ALBANY, NY - As you sit down to eat that holiday feast, did you ever wonder where that food came from? Before the grocery store. Before the modern day farm. Before takeout.

New York State Museum archaeologist Dr. John Hart knows.

The chairman of the Museum's anthropological survey focuses his research on prehistoric agriculture, and helps people understand how and where Native Americans in the Northeast first started cultivating some of the things that may be sitting on your dining room table.

His studies show that it took longer than previously suspected to establish the maize-beans-squash triad in the Northeast. The three foods are also known as the Three Sisters in Native American lore.

"It shows that the process of developing agriculture in New York State not only was a longer term process, it was a lot more complex than previously believed," Hart said.

"What makes it more complex is that those three crops entered at different times; it was more of a gradual process." Hart now believes that growing corn, beans and squash together, known as "intercropping," in New York was not well established until about A.D. 1300. Previously, scientists had thought Native Americans grew these crops together by about A.D. 1000.

Squash may have been grown about 700 B.C. in New York based on recently obtained dates from Pennsylvania. Gourds may have been grown as early as 3650 B.C. based on dates in Pennsylvania and Maine. Those gourds were being primarily used for their seeds, which were eaten, since the flesh was extremely bitter. Dried gourds may have been used as ceremonial rattles.

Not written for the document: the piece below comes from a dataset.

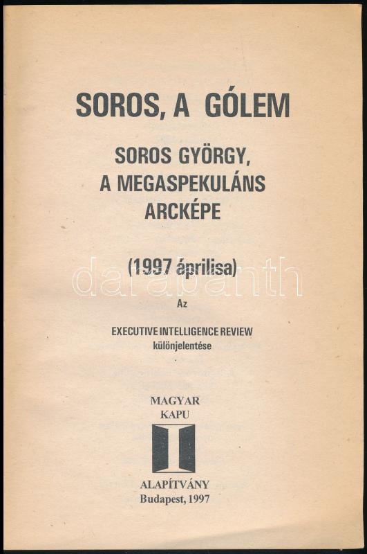 Soros, a gólem igaz története. Az EIR különjelentése, 1997 áprilisa. K... https://www.darabanth.com/hu/361-Gyorsarveres/361.0/Konyvek/Konyvek-Egyeb-ritkasagok~1000020/Soros-a-golem-igaz-tortenete-Az-EIR-kulonjelentese-1997-aprilisa-Kapu-fuzetek-1-Bp-19~II2082454

"These are the gourds that eventually became the squashes that we eat today," Hart said.

The first evidence of corn in New York was not until sometime between A.D. 800 and A.D. 900. According to Hart's work, beans apparently came into the picture in about A.D. 1300. The beans would grow up the cornstalks and the squash would grow around the corn. The method is illustrated in one of the State Museum's popular permanent exhibits near the Iroquois Longhouse.

Recently, Hart has begun to apply new dating techniques to old collections housed in the State Museum, a program of the State Education Department, and elsewhere.

The Roundtop site in Broome County, N.Y., was excavated in the 1960s by William Ritchie, a world-famous State Museum archaeologist. It was an important site that provided some of the oldest evidence for maize, beans and squash in the Northeast. In a chapter in the State Museum's Bulletin, "Current Northeast Paleoethnobotany," due to come out in the beginning of 1999, Hart details how he reanalyzed Ritchie's specimens using accelerator mass spectrometry dating, a process not available to Ritchie to better understand prehistoric agriculture.

The results indicate that maize, beans and squash do not occur together at Roundtop until several centuries later than previously thought. Hart is now working with Margaret Scarry, a archaeobotanist at the University or North Carolina, to see if the Roundtop results apply to other areas of the Northeast.